Output the full listing below exactly, without the pictures.

* **Raw data**:

----

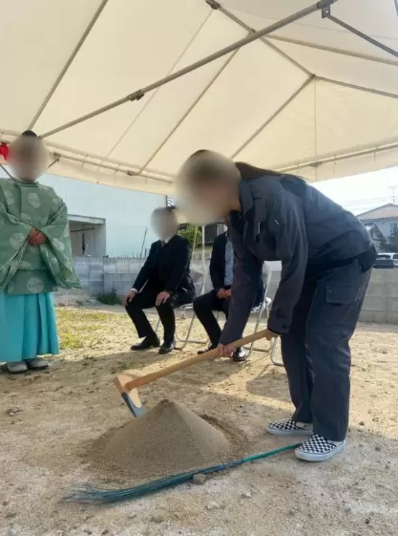 鍬を使って盛り砂に鍬を入れる動作を行い、いよいよ工事が始まることを象徴する場面でもあります。
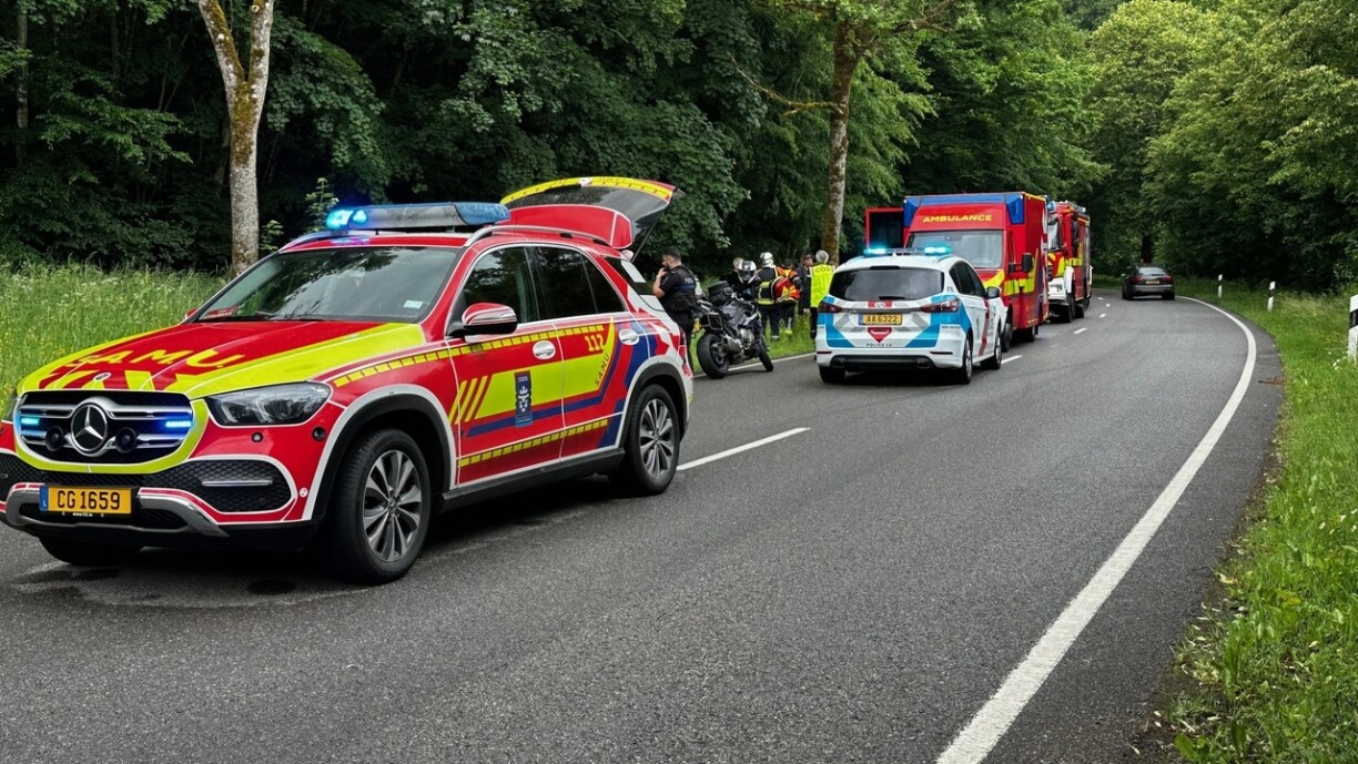 Emergency services, including firefighters from Wiltz, Ale Besch, and Esch-sur-Sûre, responded to the scene alongside the SAMU medical team and police. The incident caused partial traffic disruptions along the route.
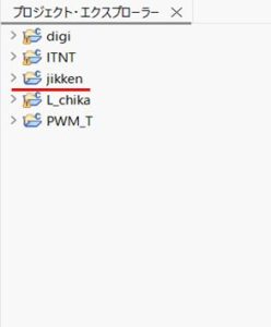 すると、以下のようにプロジェクトのなか「jikken」が出てきたので、これをもとにコードを書き込む形になります。
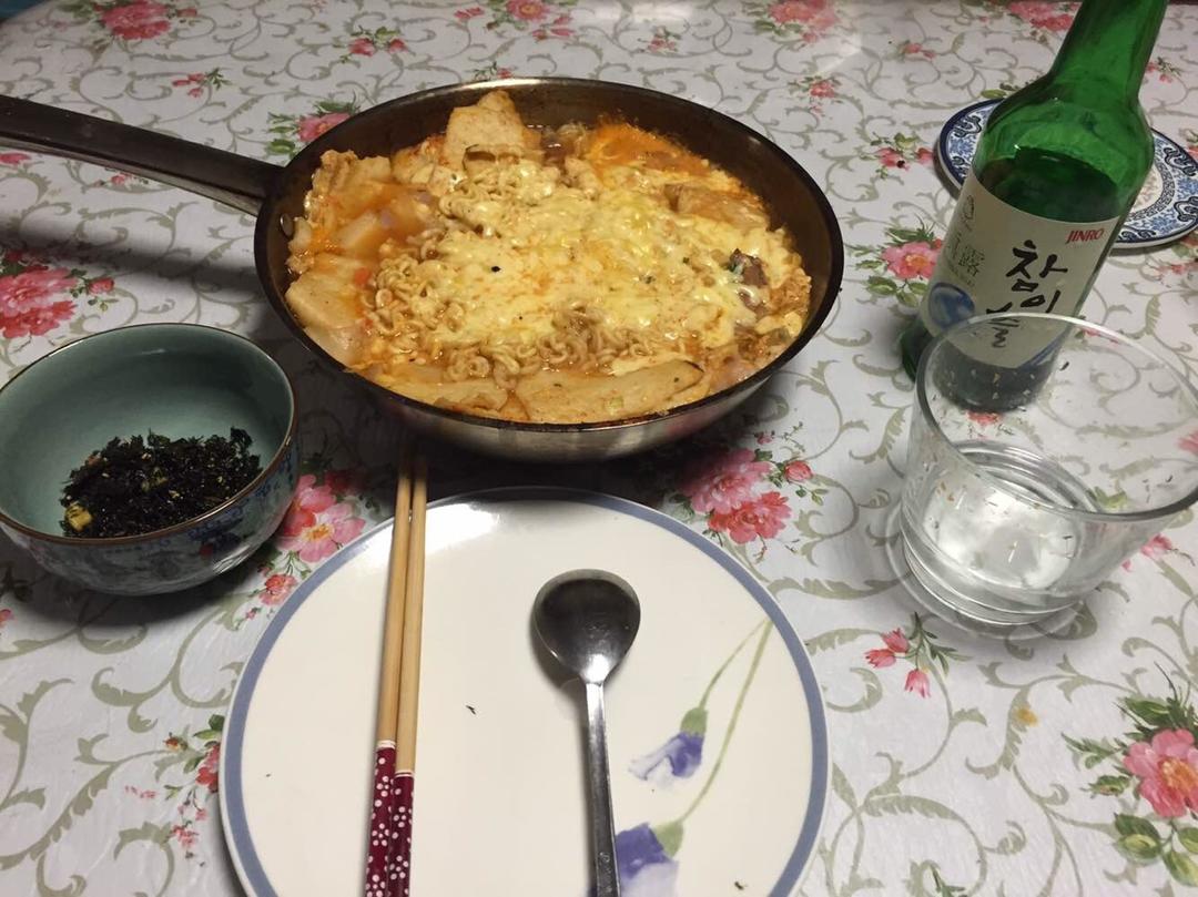 2016年最后一顿饭,年糕火锅用宗家府的泡菜火锅底料做超级好吃!满足!

----

* **Exercise response**:
 鍬を使って盛り砂に鍬を入れる動作を行い、いよいよ工事が始まることを象徴する場面でもあります。
 Emergency services, including firefighters from Wiltz, Ale Besch, and Esch-sur-Sûre, responded to the scene alongside the SAMU medical team and police. The incident caused partial traffic disruptions along the route.
 すると、以下のようにプロジェクトのなか「jikken」が出てきたので、これをもとにコードを書き込む形になります。
 2016年最后一顿饭,年糕火锅用宗家府的泡菜火锅底料做超级好吃!满足!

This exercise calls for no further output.